(WORK REQUIRED): Which lines run from the one containing "Bring industrial-inspired design" to the end of the material below? Copy them exactly, pictures excluded.

(GIVEN RECORDS):

################

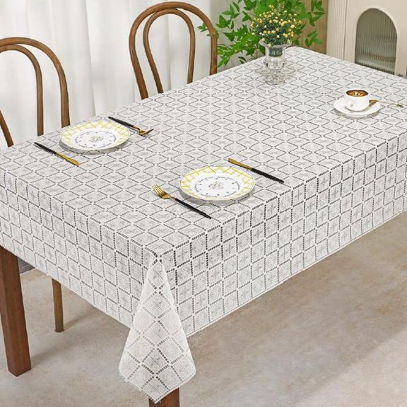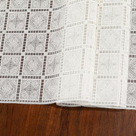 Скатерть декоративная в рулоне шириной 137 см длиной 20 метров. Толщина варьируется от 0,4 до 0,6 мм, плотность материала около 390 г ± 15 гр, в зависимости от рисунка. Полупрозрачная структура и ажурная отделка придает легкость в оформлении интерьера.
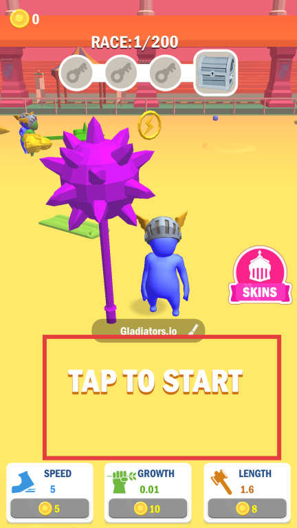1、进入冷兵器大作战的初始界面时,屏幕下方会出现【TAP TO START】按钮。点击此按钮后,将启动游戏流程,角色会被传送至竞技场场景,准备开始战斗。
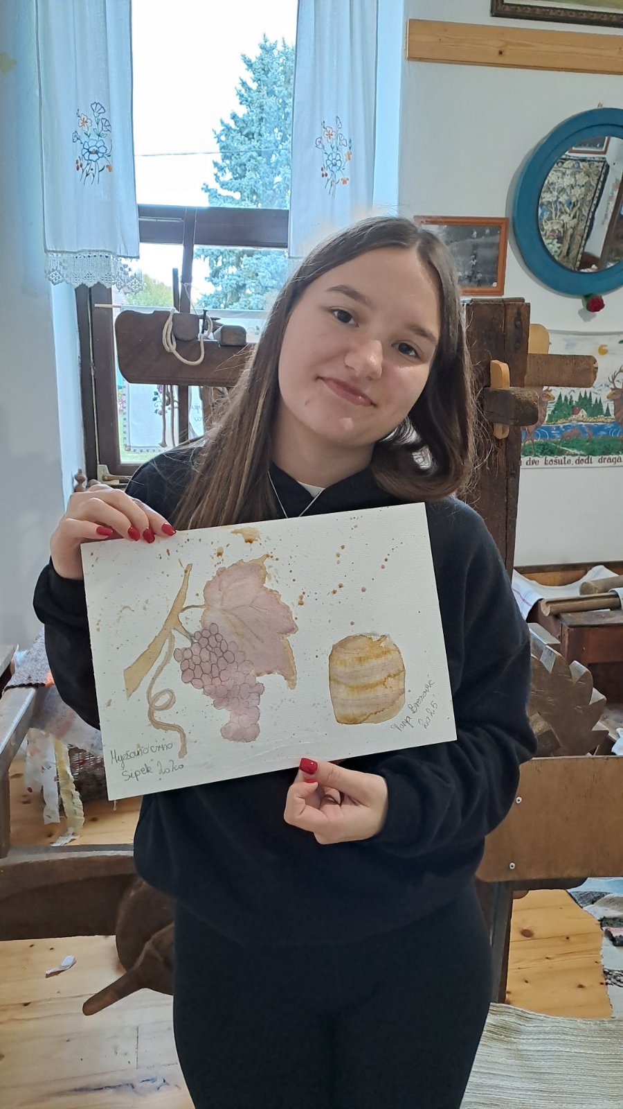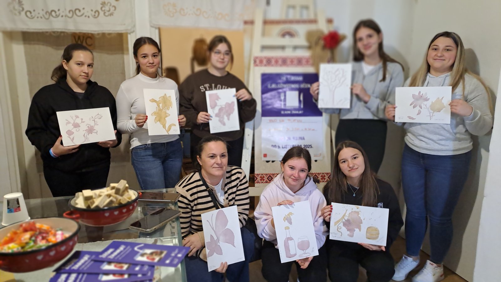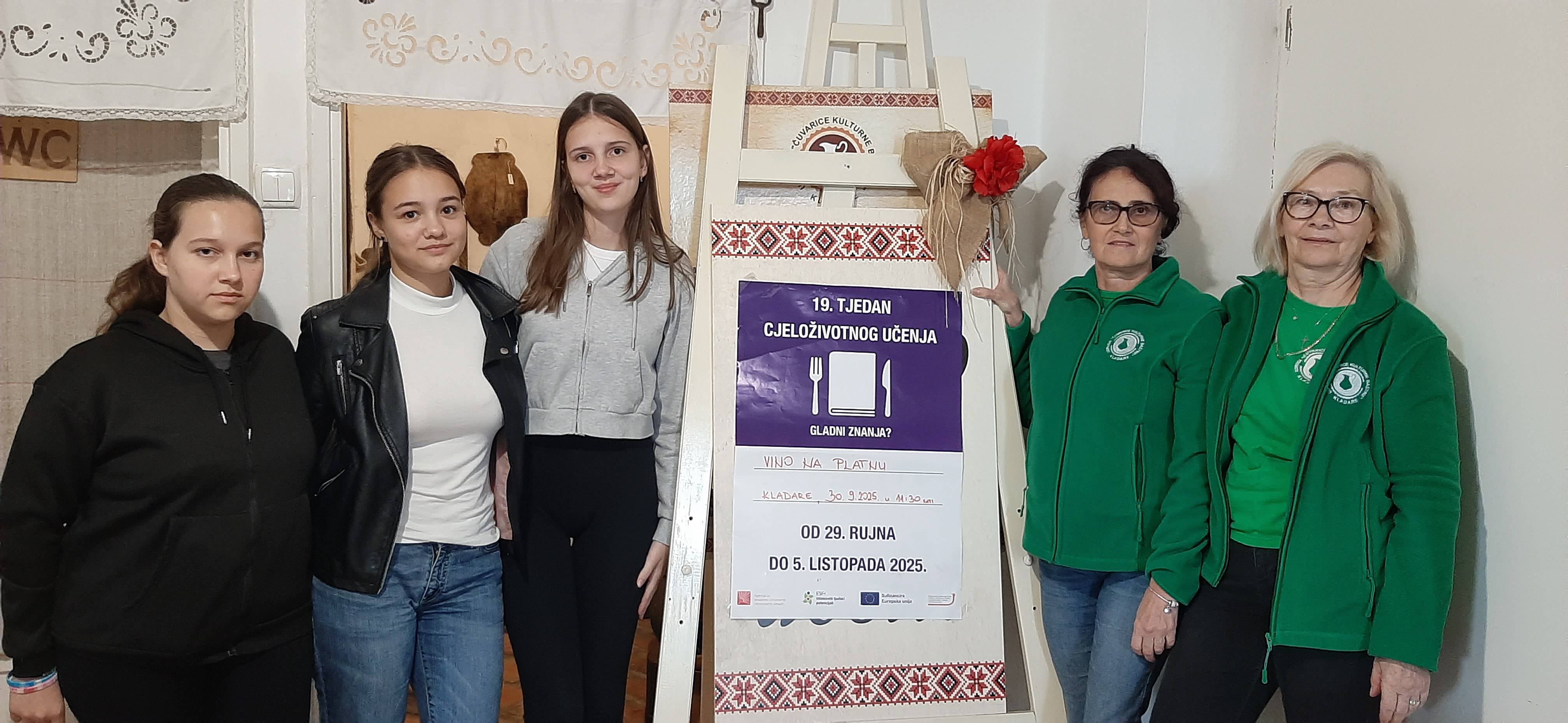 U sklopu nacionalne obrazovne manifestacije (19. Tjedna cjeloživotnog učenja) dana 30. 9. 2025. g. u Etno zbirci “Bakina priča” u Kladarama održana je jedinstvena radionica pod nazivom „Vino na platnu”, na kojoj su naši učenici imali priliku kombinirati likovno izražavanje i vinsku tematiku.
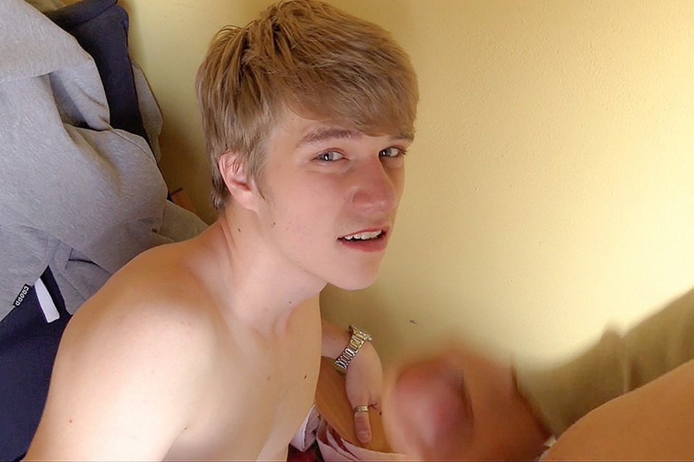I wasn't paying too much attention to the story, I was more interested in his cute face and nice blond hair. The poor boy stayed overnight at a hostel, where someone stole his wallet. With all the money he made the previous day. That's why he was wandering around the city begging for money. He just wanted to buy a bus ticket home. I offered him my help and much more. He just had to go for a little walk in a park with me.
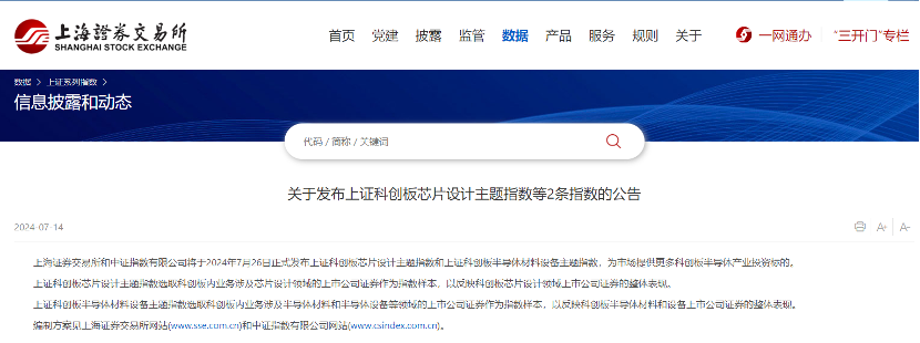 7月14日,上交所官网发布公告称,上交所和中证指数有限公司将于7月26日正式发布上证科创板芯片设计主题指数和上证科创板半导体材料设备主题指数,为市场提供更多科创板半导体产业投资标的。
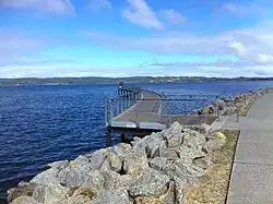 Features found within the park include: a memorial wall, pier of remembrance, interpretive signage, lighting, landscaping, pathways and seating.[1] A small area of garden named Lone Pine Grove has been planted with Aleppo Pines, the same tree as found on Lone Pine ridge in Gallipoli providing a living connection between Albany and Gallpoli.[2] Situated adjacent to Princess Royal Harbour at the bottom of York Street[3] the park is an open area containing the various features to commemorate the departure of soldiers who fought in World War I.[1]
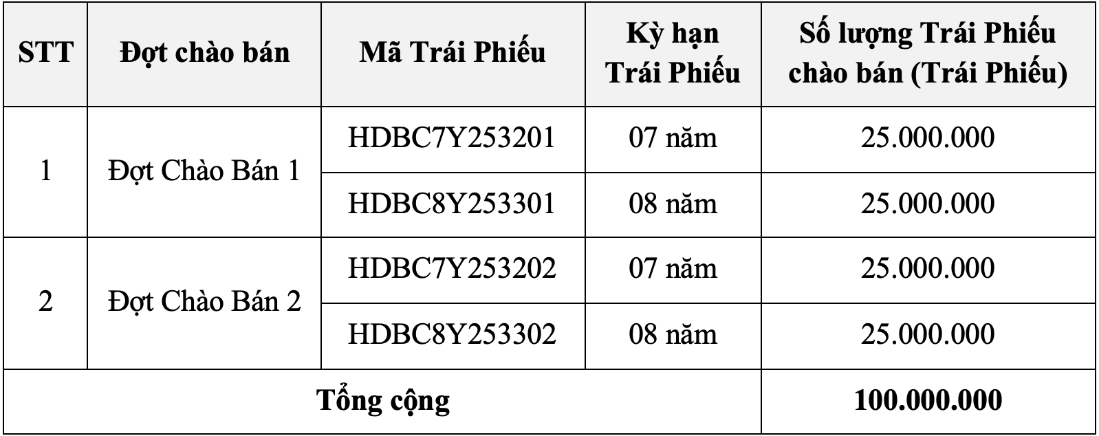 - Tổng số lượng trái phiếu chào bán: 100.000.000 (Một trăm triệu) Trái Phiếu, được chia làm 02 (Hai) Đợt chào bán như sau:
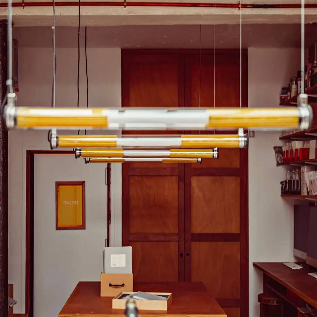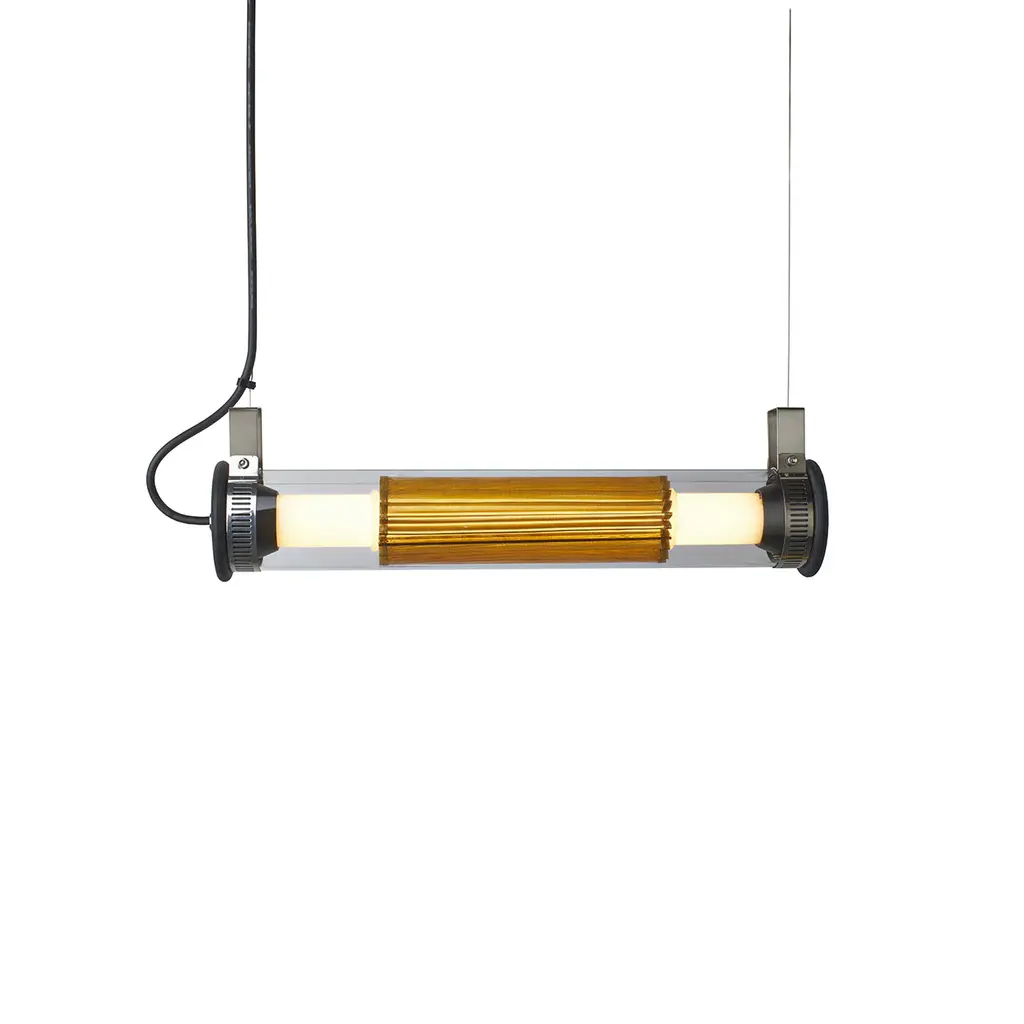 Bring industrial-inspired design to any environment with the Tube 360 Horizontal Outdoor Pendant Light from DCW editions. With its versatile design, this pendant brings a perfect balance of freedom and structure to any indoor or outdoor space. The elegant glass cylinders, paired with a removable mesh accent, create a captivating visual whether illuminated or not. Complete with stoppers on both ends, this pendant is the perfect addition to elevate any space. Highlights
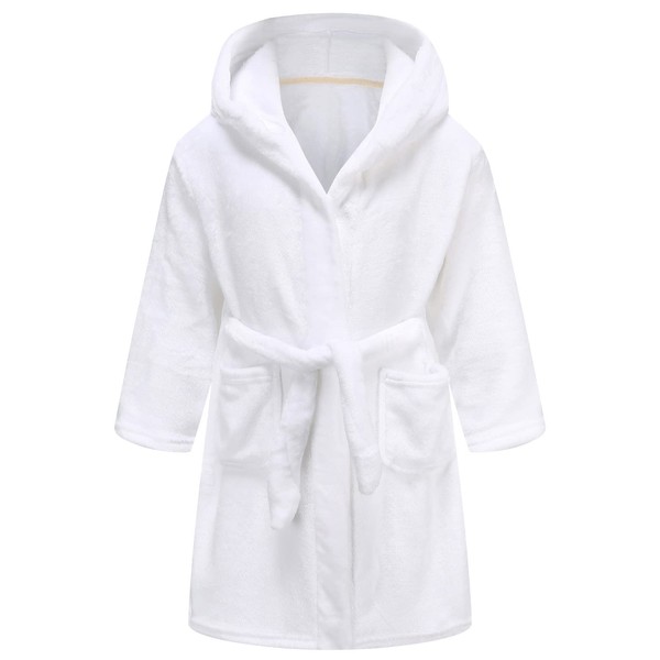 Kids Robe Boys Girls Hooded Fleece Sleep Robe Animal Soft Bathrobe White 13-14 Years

################

(WRITTEN ANSWER):
 Bring industrial-inspired design to any environment with the Tube 360 Horizontal Outdoor Pendant Light from DCW editions. With its versatile design, this pendant brings a perfect balance of freedom and structure to any indoor or outdoor space. The elegant glass cylinders, paired with a removable mesh accent, create a captivating visual whether illuminated or not. Complete with stoppers on both ends, this pendant is the perfect addition to elevate any space. Highlights
 Kids Robe Boys Girls Hooded Fleece Sleep Robe Animal Soft Bathrobe White 13-14 Years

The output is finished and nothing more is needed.